Мимо метнулся смазанный силуэт; промелькнул и исчез.
4
Армагеддон
Ничего не изменилось; изменилось все.
Ямщик сидел, больно отбив копчик при падении, в углу прихожей, у зеркала, только зеркала, разделявшего двоих, больше не было. Напротив, неуклюже привалясь спиной к дверям стенного шкафа, сидел двойник — хорошо воспитанное отражение, он полностью копировал позу Ямщика, вот только Ямщик сомневался, что лицо двойника соответствует лицу оригинала. Нет, черты остались те же, знакомые с детства, и боль коверкала их точно так же, как кривился от боли сам Ямщик, и губа закушена, и три складки между бровями — все верно, когда б не торжество… Торжество, будь оно проклято, проступало из-под боли, словно асфальт из-под стаявшей корки льда; искорками, робкими поначалу, вспыхивало в сощуренных глазах, превратившихся в черные щели; зубы двойника отпустили нижнюю губу, и рот заплясал, задергался в беззвучном смехе, а может, рыдании, не в силах противиться конвульсиям торжества.
Я не смеюсь, подумал Ямщик. Я ведь не смеюсь, да? Что-то случилось со зрением: отблески люстры, горящей в кабинете, сникли, потускнели, сейчас они гораздо хуже освещали прихожую, чем раньше. В них появилась мутноватая зелень, яичный желток, ленты кожицы, счищенной с баклажанов; чудилось, что пока Ямщик падал, злобный дворник успел набить кабинет снизу доверху палой листвой, и она уже начала гнить, превращая кабинет в ловушку, в омерзительный приямок, куда только прыгни — не выберешься.

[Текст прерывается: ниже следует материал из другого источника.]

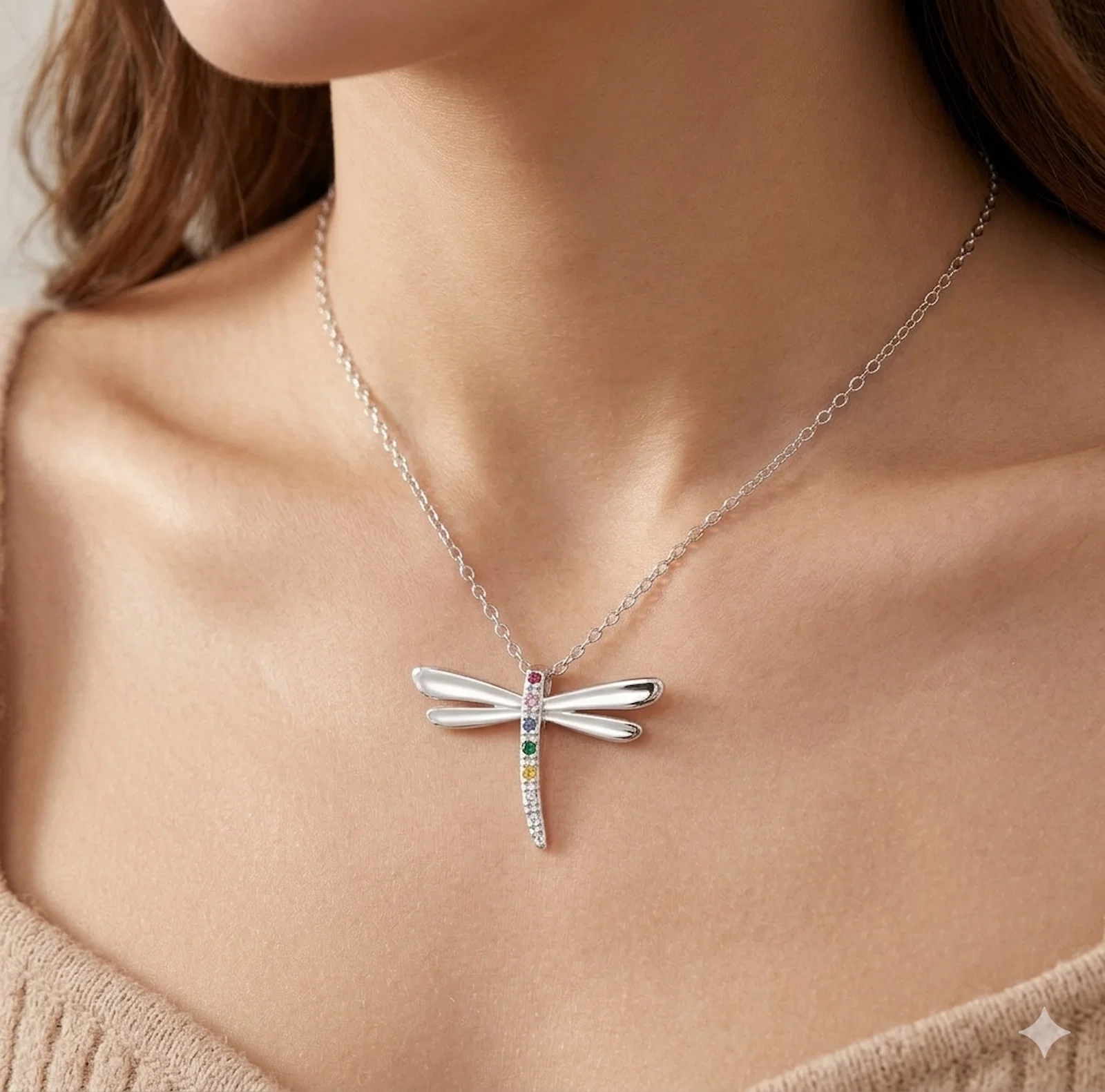 Colier Libelulă din Argint 925 – Simbolul Transformării cu Pietre Multicolore

— Ты? — спросил Ямщик двойника. — Ты зачем, а?
Двойник не ответил. Вопрос и не требовал ответа, настолько нелепым он был, но двойник вдруг легонько ударил затылком в стенной шкаф, и еще раз, сильнее, и опять, как если бы проверял крепость стены, или крепость затылка, или реальность собственного существования. Губы его расплылись в улыбке, и двойник хрипло, клокоча глоткой, захохотал, когда маленькая ниша возле выключателя содрогнулась от его ударов. Вниз, на пол, едва не сломав отражению пальцы, упала дверца — плоская, обклеенная «матрасными», в полосочку, обоями, теми же, что и прихожая. За дверцей, в нише, прятался электросчетчик, и Кабуча регулярно заглядывала туда, снимая показания. Ямщик сто раз говорил ей, что дверцу надо закрепить на петлях, и сто раз Кабуча обещала, что да, в среду, максимум в пятницу…

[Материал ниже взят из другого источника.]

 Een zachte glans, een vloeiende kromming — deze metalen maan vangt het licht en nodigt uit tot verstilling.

— Надо, — двойник взял дверцу. — Так надо, понял?
Смысла в ответе двойника было еще меньше, чем в вопросе Ямщика: «Зачем?» Счетчик, подумал Ямщик. Стенной шкаф. Ниша возле выключателя. Нет, этого не может быть. Я не могу все это видеть. Я должен сидеть на его месте, спиной ко всему перечисленному, а он — на моем. Когда я стоял перед зеркалом, и шкаф, и счетчик располагались у меня за спиной. Двойник дернул, я упал, врезался в зеркало… Куда ты делось, зеркало? Если, вопреки здравому смыслу, я сижу в углу между порогом гостиной и входом в Кабучину спальню, а я, судя по ощущениям, сижу в этом самом углу, зеркало должно стоять передо мной, только не зеркальной, а темной, закрашенной стороной ко мне. Зеркало, где ты? Свет мой, зеркальце… Нет, стоп, если двойник сидит у стенного шкафа, значит, я тоже сижу у шкафа — в конце концов, кто здесь отражение?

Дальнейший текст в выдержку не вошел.